Farmland Values Up, Despite Higher Borrowing Rates 




Ontario led the way higher as Canadian farmland values continued their long-term ascent through the first half of this year. 


Even rising interest rates were unable to quell the gains, as national farmland values climbed an average of 8.1% in the January-June 2022 period, according to a mid-year review released Tuesday by Farm Credit Canada (FCC). FCC’s annual farmland values report in the spring showed farmland values up 8.3% in 2021. 


The highest average farmland value increases were reported in Ontario at 15.6%, followed by Prince Edward Island at 14.8% and Quebec at 10.3%. Saskatchewan showed the largest increase among the Prairie provinces at 8.4%, with Manitoba at 6% and Alberta at 5.9%. 

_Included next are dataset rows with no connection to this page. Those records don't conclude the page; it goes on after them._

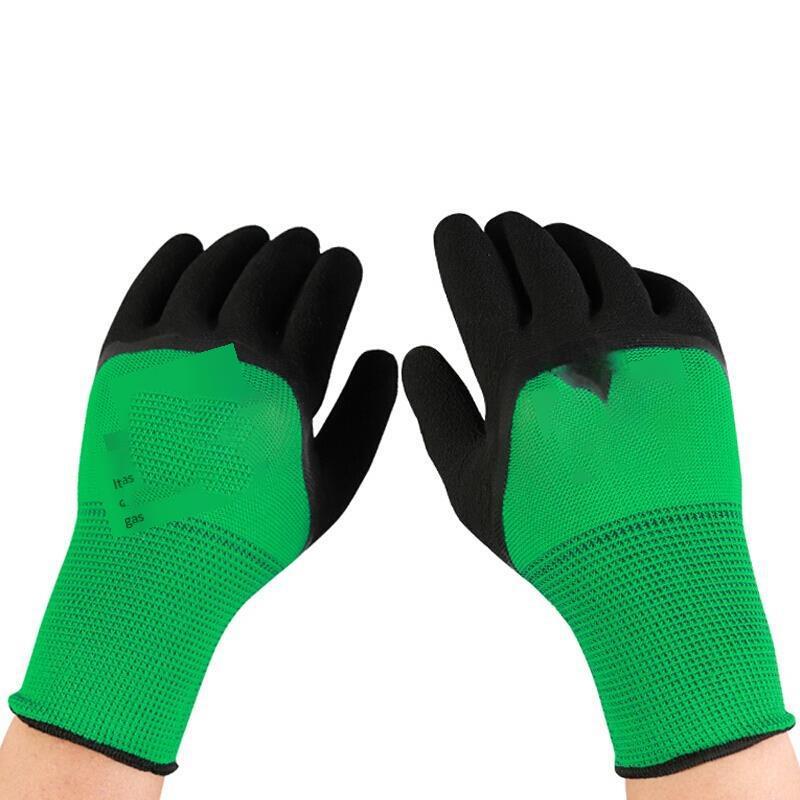 12 Pairs Of Green Nitrile PU Free Size Labor Safety Gloves Foam Latex Gloves Skid Resistant Breathable Construction Protective Gloves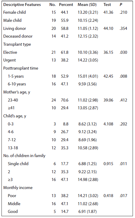 Organ transplant has become more common in recent years for treatment of certain chronic diseases. Because organ failure is often the result of a number of autosomal-recessive inherited diseases, it is expected that organ transplant will be more prevalent in our country because of the high rate of consanguineous marriages.3 Changes in the child’s pretransplant physical condition, increased financial problems, and psychological effects that the treatment process could create can negatively affect not only the child who undergoes organ transplant but also the parents, siblings, and the close family members of the child.4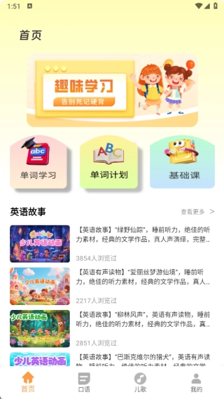 1、首页设有单词学习、单词计划、基础课板块,你还能在这里了解到各类精彩的英语故事;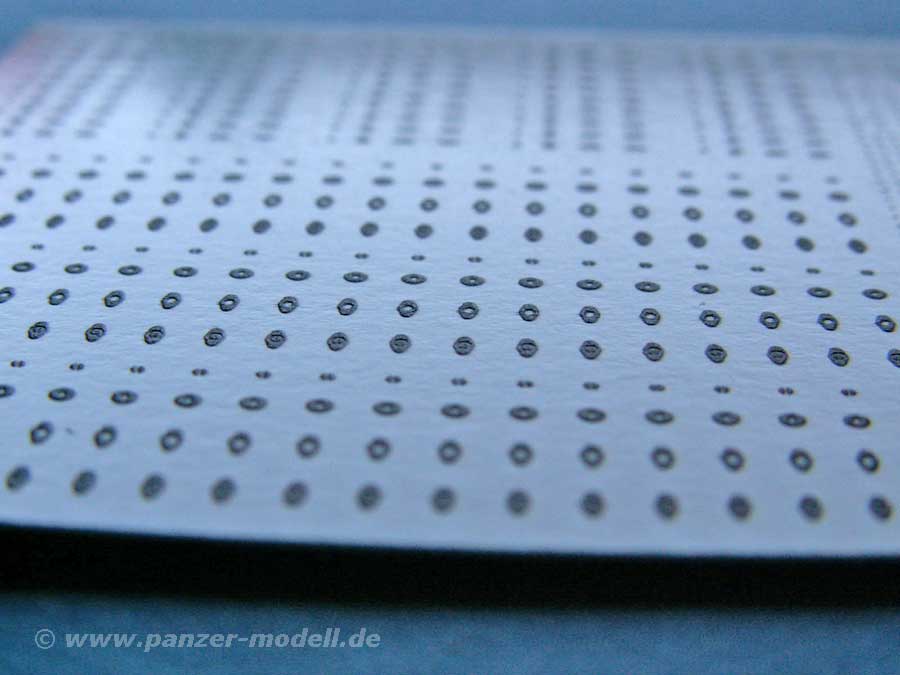 Diese können simpel vom Bogen ausgeschnitten werden, in Wasser aufgeweicht und auf das UNBEMALTE Modell aufgetragen werden - ganz einfach! Nach der Bemalung des Modells hat man schöne, feine Nietenköpfe, die man in dieser Größe kaum selber machen kann.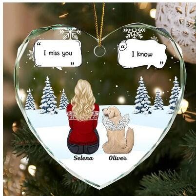 Honor the memory of your cherished pet with the I Miss You Memorial Dog Cat - Personalized Heart-Shaped Glass Ornament. This heartfelt and unique ornament is ideal for Cat Lovers, Dog Lovers, Cat Moms, Cat Dads, Dog Moms, and Dog Dads. Featuring a custom name, it offers a meaningful tribute to beloved pets during special occasions such as Christmas, Thanksgiving, Mother's Day, Father's Day, birthdays, and anniversaries.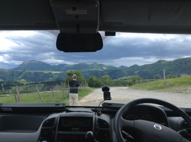 We then reached the coast at Deba, and I headed for a Park4night picnic area that was about 1.3k off the main road along a very narrow road that became even narrower. Encouraged to continue by a big shiny sign we kept on going and found an absolutely cracking spot for lunch (at 4:40pm) with incredible mountain views. I think we’d have stayed the night if it weren’t for tomorrow being Saturday and the increased prospect of meeting traffic on the way down.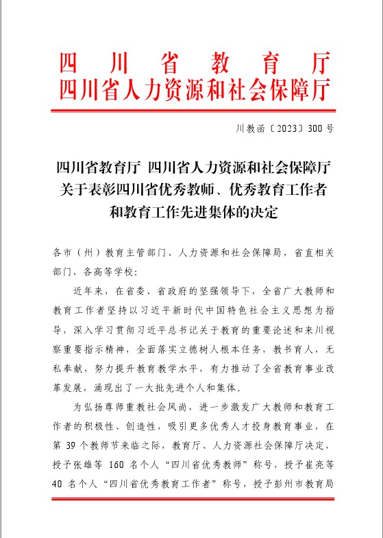 被评为四川省优秀教育工作者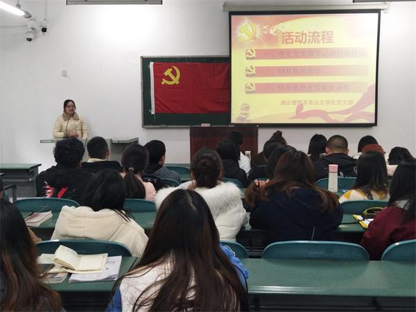 2018年12月4日中午,酒店管理系党总支学生党支部在2112教室举行党员活动。酒店管理系党总支学生党支部书记胡月泓、学生支部全体党员参加此次活动。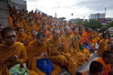 根據泰國最高僧伽會的規定,佛教徒被禁止參加投票和競選活動,并且他們也不能參加政治性集會。但泰國愈發失控的社會現狀讓僧侶們也難以置身事外。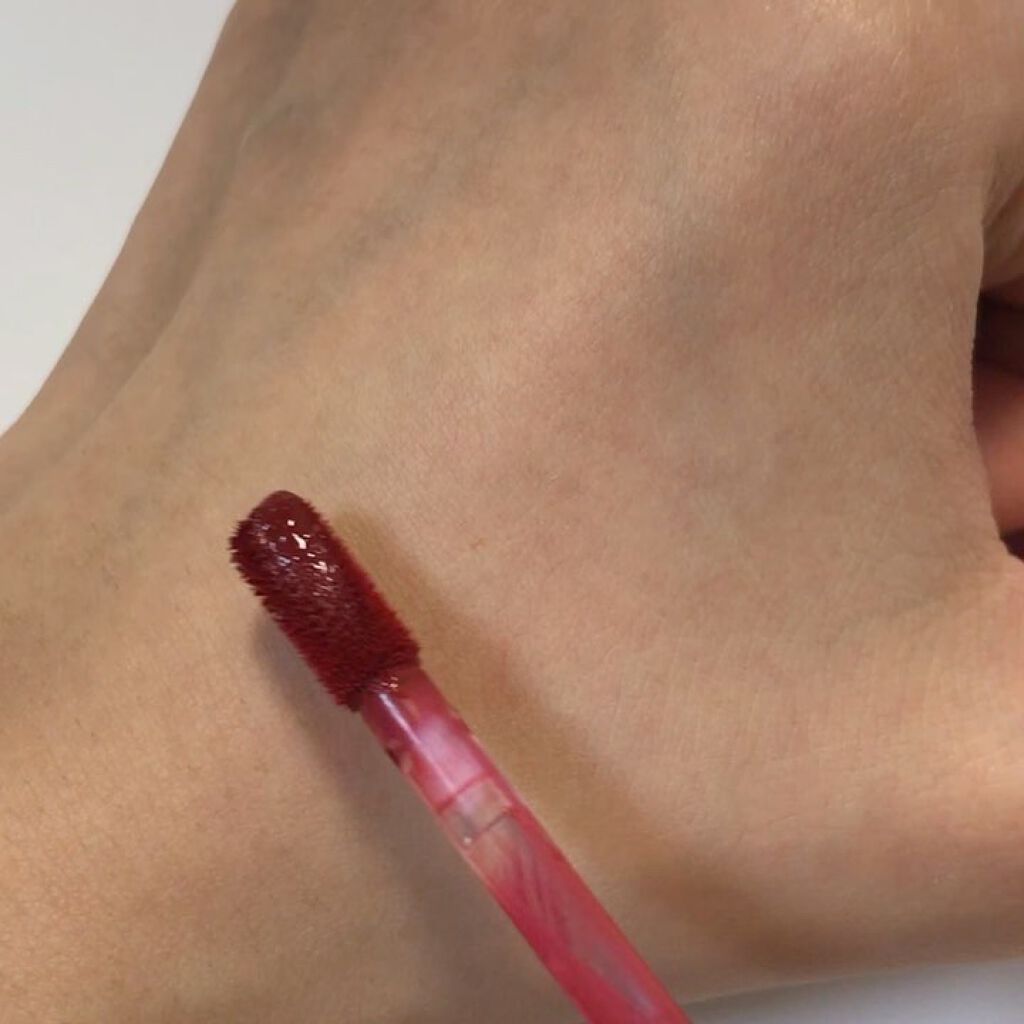 キラッとした濡れツヤ感のある仕上がりで、角度を変えるとキラキラしてとても綺麗です🙏✨ ウォータリーにとろみも混じったテクスチャー。一度につく量が少量で、薄ーくしかつかないため唇に負担を感じません✨ 発色は1度塗りでもかなりきちんとカラーがついてくれます!重ねるほど発色もほんのりカラーの深みが出る印象です🙌 ティッシュオフしてみたところカラーの固定力は結構高いイメージでしたが、食事をするとほんのりと色味が残るかなといった印象です。 乾燥はしにくいですが、ベースにリップクリームなど何もぬらずにつけた時に若干の乾燥を感じたので、きちんと保湿してからつけるのがベストかと思います💡 二等辺三角形のやや平ためのアプリケーター。先端がとんがっていて唇のラインに当てやすいです🌟 りんごのヨーグルトみたいな爽やかで甘い香りがします🍎唇につけている瞬間は香りますが、生活している分には味がしたり気になることはありません🙌

“Producers are still making strategic investments in their operations and buying farmland, which is in short supply and high demand,” said FCC chief economist J.P. Gervais. “This healthy farmland market is a good indication there is confidence and optimism in the future of the industry among producers.”   

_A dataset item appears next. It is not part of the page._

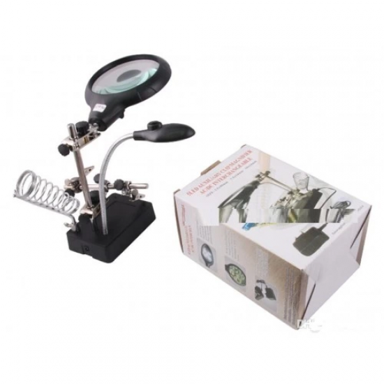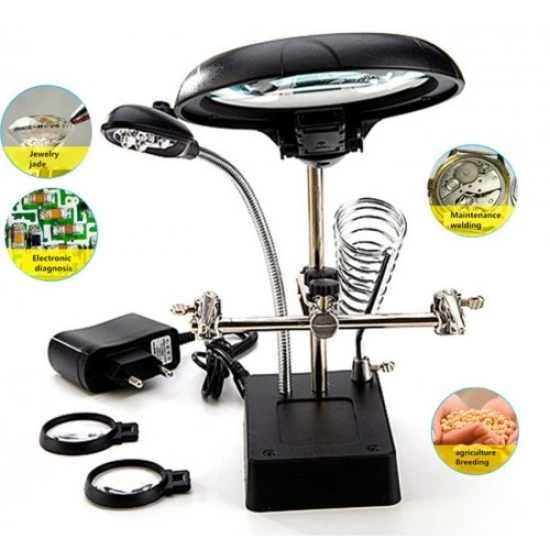 Masa Üstü Mandallı ,2.5x90mm, 7.5x34mm Mercekli ,adaptörlu Işıklı Büyüteç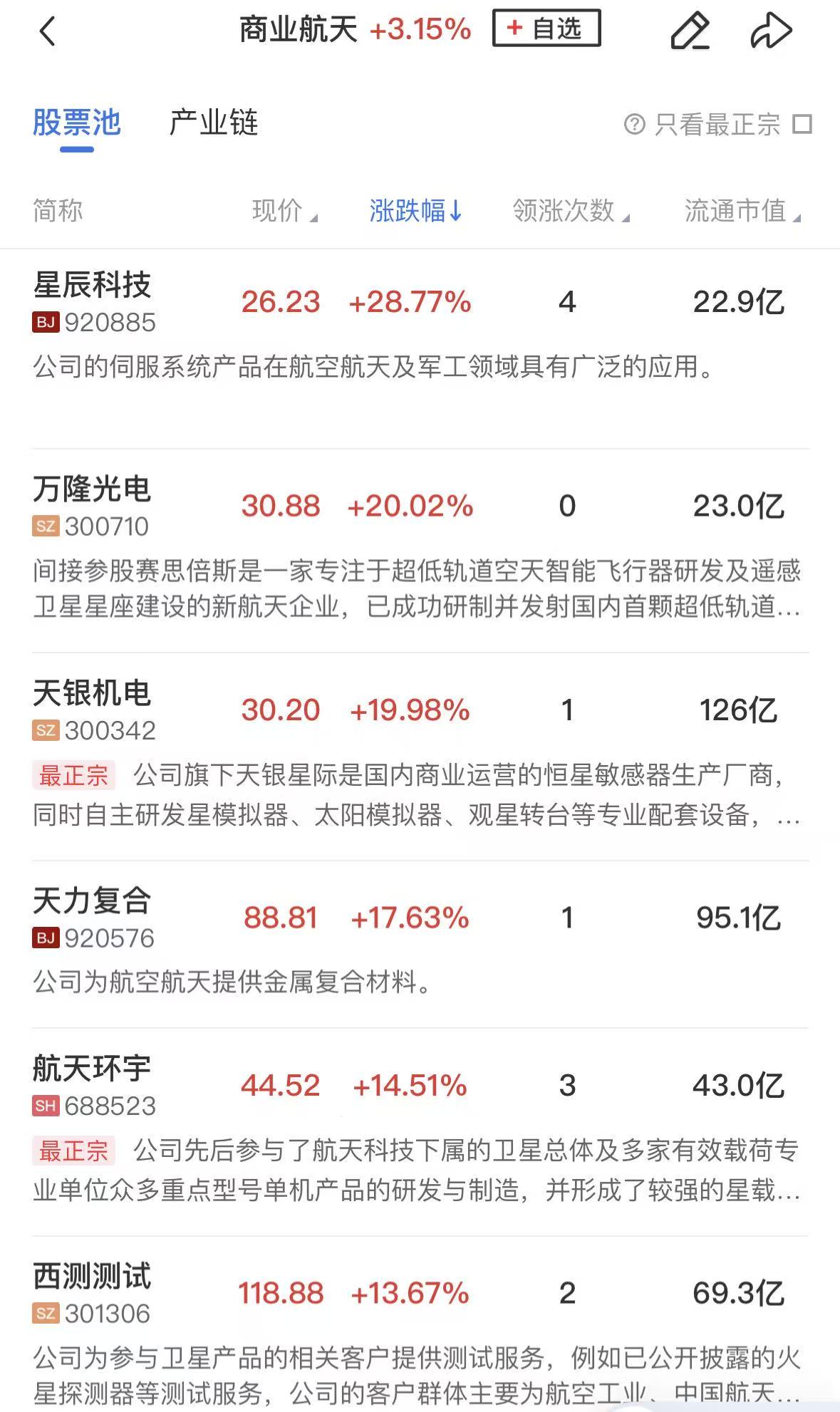 板块上,商业航天概念股再度走强,中国卫星天银机电北摩高科西部材料天箭科技上海沪工等多股涨停,航天环宇邵阳液压西测测试涨超10%。

Most land transactions were agreed to prior to the most significant interest rate increases. However, Gervais said he believes the more recent rate increases will not completely deter some producers from making land purchases that make sense for their operations. 


“There’s little doubt that higher borrowing costs will slow the demand for farmland,” he said. “But the fact that the supply of farmland available is limited and farm incomes are trending in the right direction could offset the impact of interest rates increases.” 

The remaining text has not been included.